Original link: https://www.bloomberg.com/opinion/articles/2026-07-02/spacex-is-junk-that-s-what-the-bond-market-says


I read somewhere that, if reusable rockets were all ok today, spacex needs some 450 launched just to get back to zero compared to Ariane 6 because of the massive costs.
So yeah “reusable” (I would like to know how reusable they actually are/how much they cost to reuse) is great and all but not yet economically viable it seems.
There has been questions about if those rockets were reused at all.
It’s honestly not the rocket business that is the problem. Yeah, it’s risky, but it’s actually ambitious and starlink makes money. So, they have a money making product that could actually fund development of a real reusable rocket.
The actual problem is the AI money pit they slapped on to the side. The amount of money XAI spends is so insane it’s like 80% of the whole capex. Which most people dont realize because it’s still called spacex, but in reality the whole space business has become the side project for an AI company burning money at an unprecedented rate.
Yeah and that is so unfortunate. They had so much potential to change the industry again, as a space company.

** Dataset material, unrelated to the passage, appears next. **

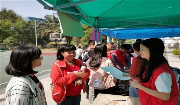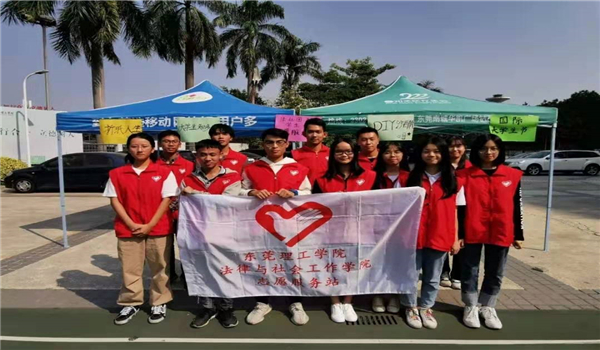 11月15日,法律与社会工作学院(知识产权学院)团委学生会志愿服务站在莞城校区图书馆前篮球场旁举办“国际大学生节”摆摊宣传活动。

Using that space company to fund ai was a bad idea
I work in the aerospace industry, mainly to satellites these days but I’ve worked in launch in the past and have plenty of friends who have as well.
That 450 figure is probably all of Falcon 9s development which has gone through several design iteration cycles. Industry rumors point to a new Falcon 9 booster being around $50 to build and a million or two to refurbish on average. The re-use is saving them a significant amount, but the upfront design cost was just so stupid high.
It’s also worth noting that Starlink supposedly launches at near cost meaning little profit for each of those, but then SpaceX turns around and prices Falcon 9 close to Atlas V for government contracts (90-150m total price so probably 60m profit) and gouges people on Transporter (they’re almost certainly pulling in 150-200m on each of those)
All that money figuring out how to make Falcon 9 Reusable, led to them catching super heavy on their first try and being able to reuse it though, so the benefits keep moving forward.
That being said, they’re plowing billions into making the whole rocket reuseable this time, so they will have a big hole to dig out of again if they succeed.
Falcon 9 launches that contain starlink are also profitable because of starlink.
And Tesla cyber trucks are being “sold” to SpaceX.
It doesn’t take a market analyst to see money is just shuffling sideways, not coming in. Many countries are launching Internet satellites this fall.
Carrying forward technical knowledge is definitely a big help. I suspect that’s why Atlas V was able to pay for itself because the booster was so similar to Atlas III which itself was similar to Atlas II.
The satellites I work on play this game constantly. Mission A and B both use the same underlying tech that needs to be developed, but mission A is first. So we charge mission A with all of the cost and then mission B looks a lot cheaper on the books
Falcon 9/Heavy has already shown that reusability is feasable. Their rocket business is not making money because of the development costs if Starship. But Starship is also incredibly ambitious compared to other rocketry programs
Not the Apollo program 60 years ago.
But but … you can hear people cheering maniacally every time one of their rockets comes back to land! It must be a legit company.